"I have done all that is possible to human art and knowledge, let us hope God's hand will shed a blessing upon my work. Pray to God, countess, fervently and with all your soul, that He may give my remedy strength to overcome the poison."

"Yes, yes," said the young girl ardently, and her eyes sought her lover; "come to me, my beloved friend!"

Herr von Stielow hastened to the bed and sank down before it with folded hands.

"I cannot put my hands together," she said in a low voice, looking at him affectionately, "so let me lay my hand in yours, and our united prayer shall ascend to heaven, that eternal mercy may permit us to remain together."

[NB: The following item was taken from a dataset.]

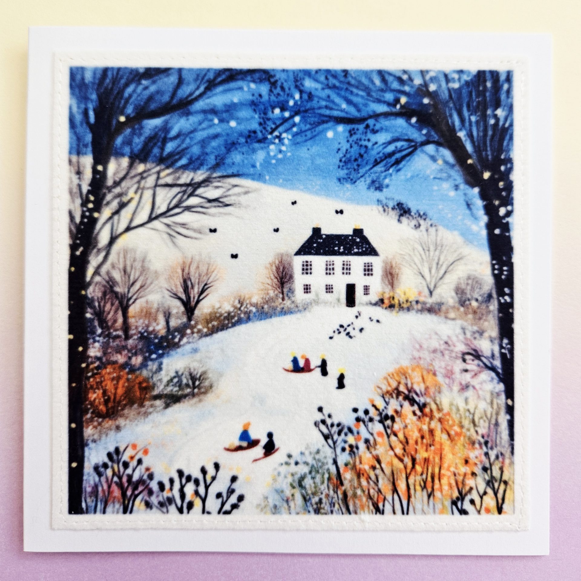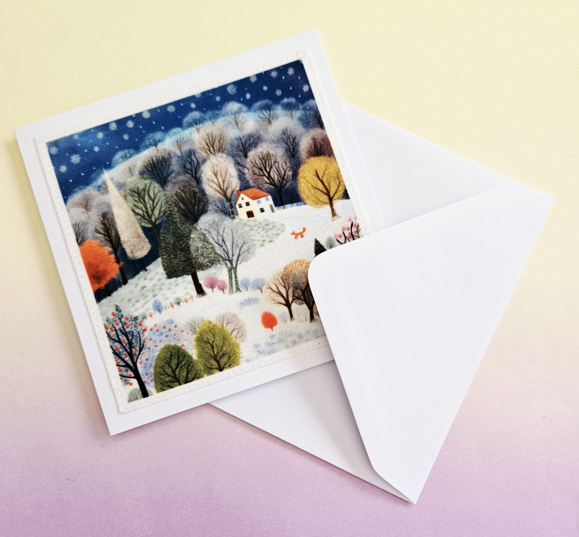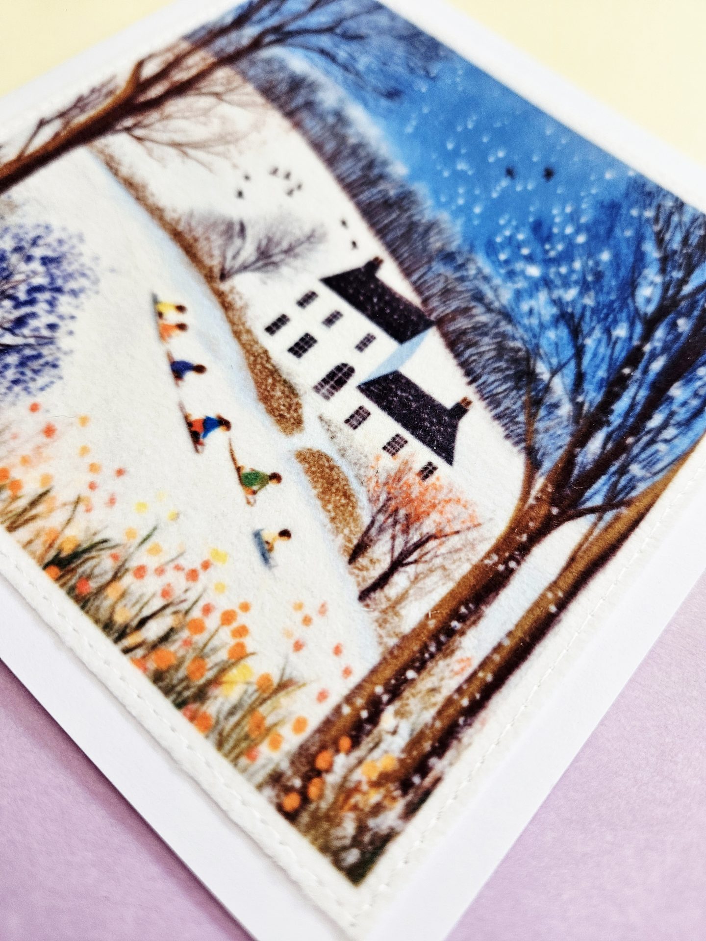 Send a touch of handmade magic this festive season with our set of 5 handmade Christmas cards. Each card features a whimsical snowy cottage scene, crafted with printed fabric and careful machine-stitching for a unique, textured finish. These rustic, cottagecore Christmas cards are perfect for lovers of cozy winter holidays and one-of-a-kind holiday greetings.

And she began whisperingly to pray, whilst the young officer's eyes were raised upwards with a look of the deepest devotion.

Suddenly a shudder passed through the form of the young countess, she withdrew her hand with a look of pain, and gazed with horror at her lover.

"Oh!" she cried in a trembling voice, "our prayers cannot really be united; what a dreadful thought, we do not pray to the same God!"

"Clara!" cried the young man, "what an idea! there is but one God in heaven, and He will hear us!"

"Ah!" she cried, without heeding his words, "there is but one God in heaven, but you do not walk in the paths that lead to Him, you are not in the bosom of the Church! Oh! I often thought of it amidst the pleasures and distractions of life; but now in this dire necessity, at the very gate of eternity, the thought fills me with horror! God cannot hear us, and," she added, with a bewildered look, "if I must die, if no help is possible, I must pass into eternity, knowing that his soul is lost! Horrible! oh, horrible!"

"Clara! Clara!" cried von Stielow in a tone of the greatest anguish, gazing in despair upon her painfully excited face, "God is the same for all those who worship Him with a pure heart, and no prayer can be more pure, more earnest than mine is now!"